Cameron’s reshuffle: cowardice or sound tactics?

The impact of David Cameron’s controversial cabinet reshuffle continues, with the demotion of Michael Gove from education minister to chief whip creating the most heated debate. “With less than ten months to go to polling day”, says James Forsyth in The Spectator, it just shows that “politics trumps policy”.

Cameron has demonstrated “his willingness to sacrifice even his closest friends to the electorate”. It’s certainly true that Gove polled badly with focus groups, says James Kirkup in The Daily Telegraph. In the era of ‘big data’, the “poll of Damocles is forever suspended above” candidates in seats the party is targeting to win or hold.
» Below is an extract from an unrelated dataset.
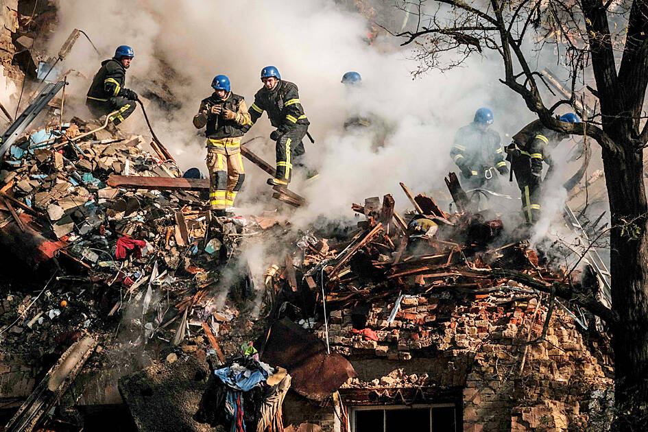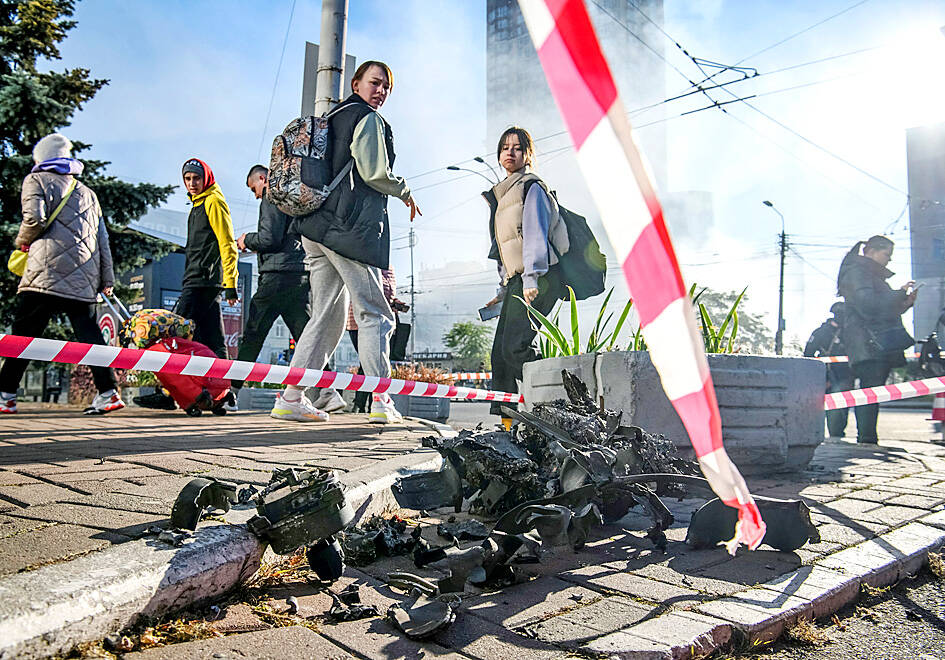 Waves of explosive-laden suicide drones yesterday struck Ukraine’s capital, setting buildings ablaze and tearing a hole in one while sending people scurrying for shelter or attempting to shoot down the kamikazes.

Gove was seen as “a bit weird and off-putting”, particularly by women with young families.

But “there is more to politics than tactics”, says an editorial in The Sunday Times. “Governments need to demonstrate their purpose.” By moving “one of the genuine radicals in his government”, Cameron risks “leaving the Conservative party without a vision”. And surely “the public-relations-driven cynicism of Cameron’s reshuffle is so blatant that it will disgust rather than inspire”, says Peter Hitchens in the Daily Mail. In truth, Gove’s reforms “were greatly overrated”, but at least he “got himself disliked by the right people”. Meanwhile, by choosing “cheap, superficial cosmetic change… the prime minister has shown himself a disloyal weakling” in the face of the pollsters.

Those accusing Cameron of cowardice forget “that even their great heroine, Margaret Thatcher, moved controversial ministers off the front line” come election time, says Andrew Rawnsley in The Observer. And if the move was a political ploy, then the signs are it is working, says The Daily Telegraph’s Matthew Holehouse. The Conservatives’ ratings on education have climbed to the highest level for two and a half years, according to the first poll since Gove was removed.